- WHAT IS EXPECTED
The output should match, line for line, the records from the line containing "Матрас Ортопедический с" through the line containing "Exterior latex and", with every picture left out.

(Records drawn from a dataset)
= Beginning of Section =
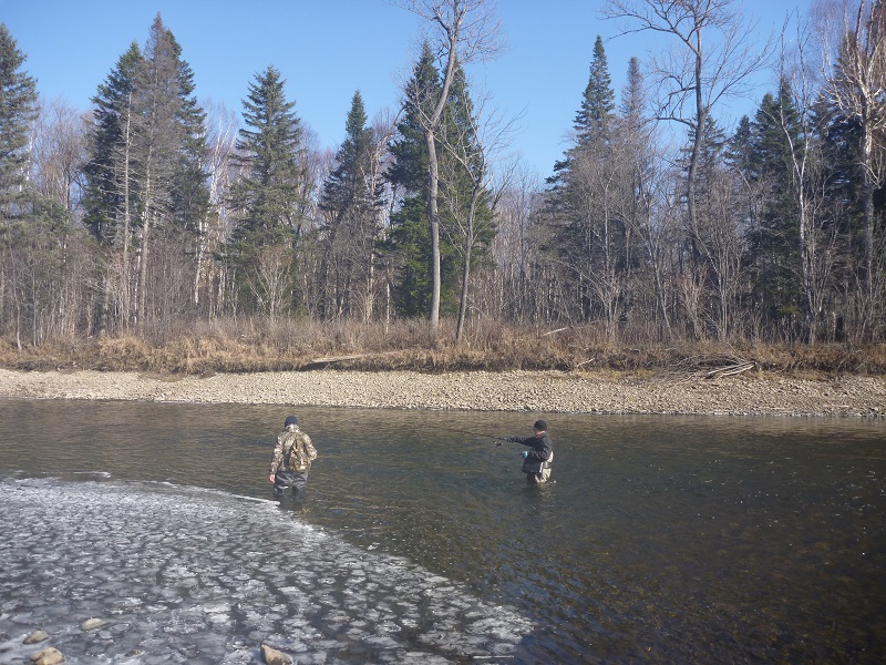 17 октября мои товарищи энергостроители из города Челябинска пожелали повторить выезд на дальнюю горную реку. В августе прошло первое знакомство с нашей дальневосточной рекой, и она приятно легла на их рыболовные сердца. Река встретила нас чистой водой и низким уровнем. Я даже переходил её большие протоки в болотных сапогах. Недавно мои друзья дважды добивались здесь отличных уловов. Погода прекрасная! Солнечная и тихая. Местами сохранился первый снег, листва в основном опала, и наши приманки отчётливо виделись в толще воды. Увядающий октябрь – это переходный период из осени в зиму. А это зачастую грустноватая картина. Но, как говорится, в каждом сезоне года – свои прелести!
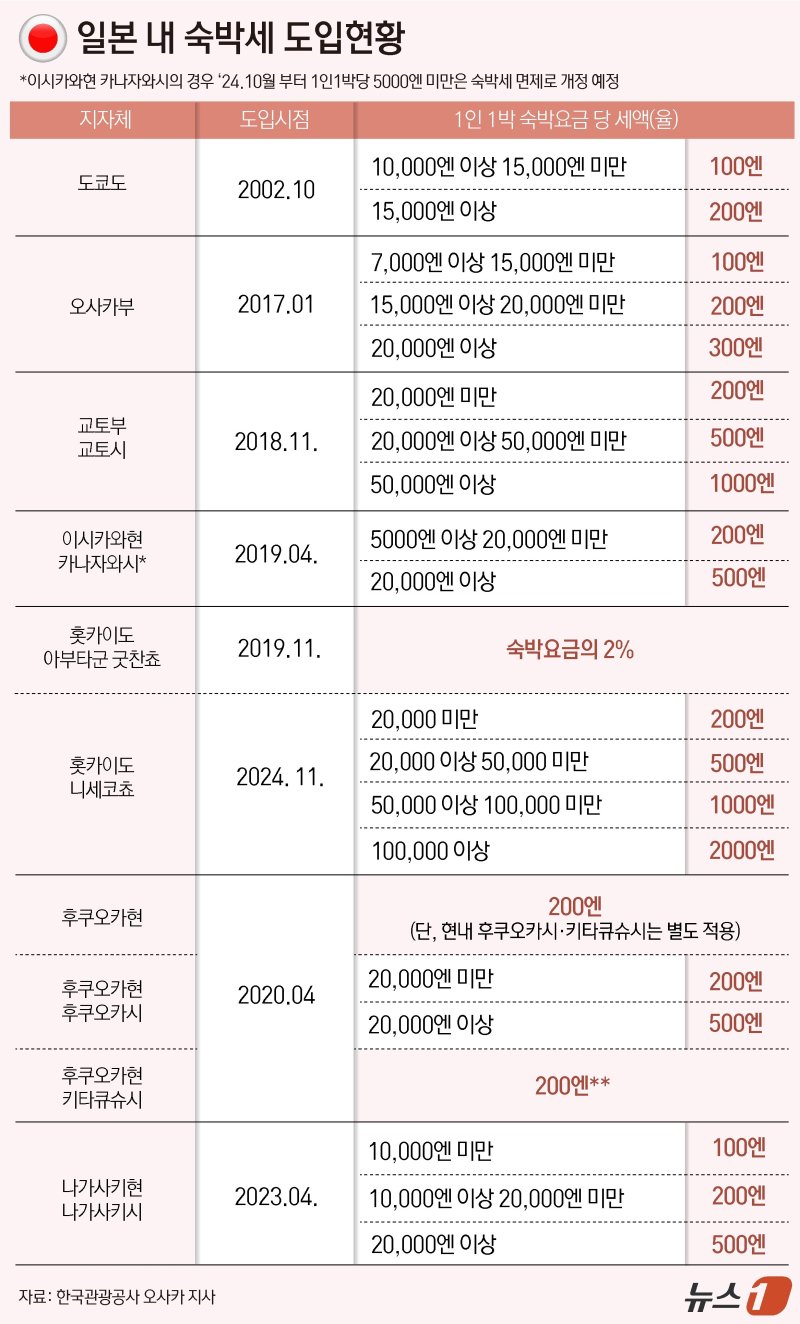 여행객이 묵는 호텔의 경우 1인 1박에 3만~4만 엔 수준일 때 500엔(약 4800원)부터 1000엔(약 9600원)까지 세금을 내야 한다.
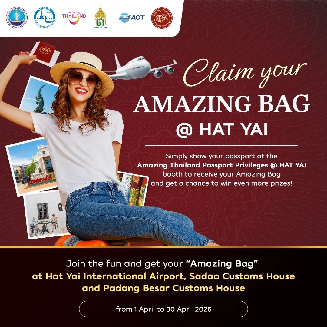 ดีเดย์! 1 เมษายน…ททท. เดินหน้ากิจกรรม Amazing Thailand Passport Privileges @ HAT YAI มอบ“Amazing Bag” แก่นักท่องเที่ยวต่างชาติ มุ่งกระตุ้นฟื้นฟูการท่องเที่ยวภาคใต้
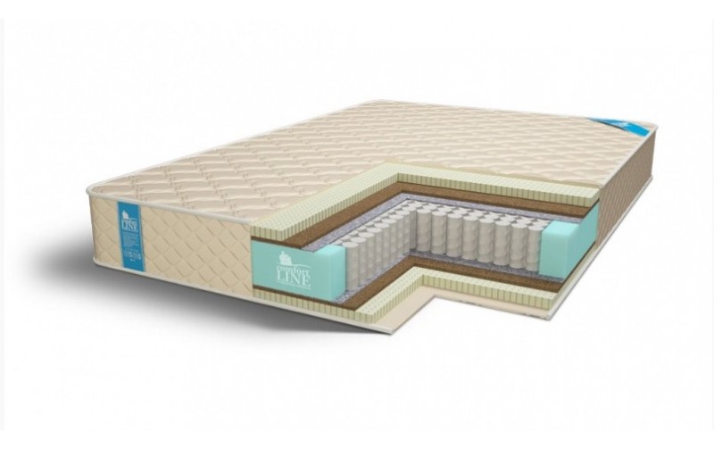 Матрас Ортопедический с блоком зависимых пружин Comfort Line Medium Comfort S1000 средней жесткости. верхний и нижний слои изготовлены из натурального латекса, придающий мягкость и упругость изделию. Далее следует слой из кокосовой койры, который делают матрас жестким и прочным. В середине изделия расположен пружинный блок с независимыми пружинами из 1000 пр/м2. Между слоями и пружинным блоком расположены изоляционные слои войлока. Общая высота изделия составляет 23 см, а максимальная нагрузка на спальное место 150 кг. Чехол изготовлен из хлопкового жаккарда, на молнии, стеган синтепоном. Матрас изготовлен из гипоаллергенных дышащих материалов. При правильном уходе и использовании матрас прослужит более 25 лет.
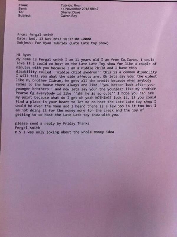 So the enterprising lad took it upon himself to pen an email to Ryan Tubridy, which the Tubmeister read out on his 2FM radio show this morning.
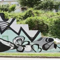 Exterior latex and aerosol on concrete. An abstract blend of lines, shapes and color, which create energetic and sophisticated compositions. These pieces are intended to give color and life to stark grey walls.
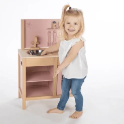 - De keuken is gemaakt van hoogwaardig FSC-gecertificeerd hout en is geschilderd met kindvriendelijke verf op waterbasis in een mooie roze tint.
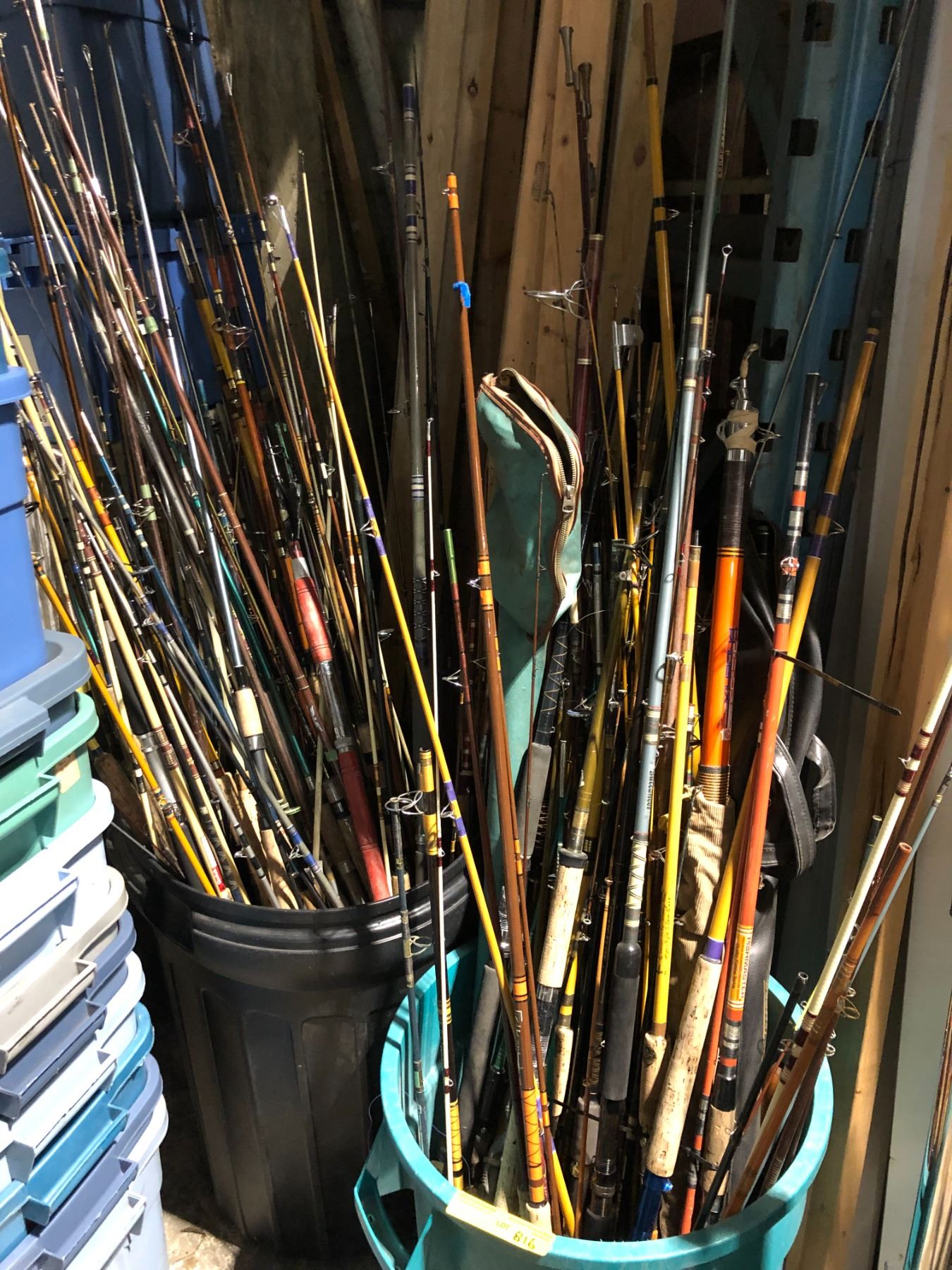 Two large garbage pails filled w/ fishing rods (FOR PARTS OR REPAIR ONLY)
= End of Section =
- YOUR RESPONSE
 Матрас Ортопедический с блоком зависимых пружин Comfort Line Medium Comfort S1000 средней жесткости. верхний и нижний слои изготовлены из натурального латекса, придающий мягкость и упругость изделию. Далее следует слой из кокосовой койры, который делают матрас жестким и прочным. В середине изделия расположен пружинный блок с независимыми пружинами из 1000 пр/м2. Между слоями и пружинным блоком расположены изоляционные слои войлока. Общая высота изделия составляет 23 см, а максимальная нагрузка на спальное место 150 кг. Чехол изготовлен из хлопкового жаккарда, на молнии, стеган синтепоном. Матрас изготовлен из гипоаллергенных дышащих материалов. При правильном уходе и использовании матрас прослужит более 25 лет.
 So the enterprising lad took it upon himself to pen an email to Ryan Tubridy, which the Tubmeister read out on his 2FM radio show this morning.
 Exterior latex and aerosol on concrete. An abstract blend of lines, shapes and color, which create energetic and sophisticated compositions. These pieces are intended to give color and life to stark grey walls.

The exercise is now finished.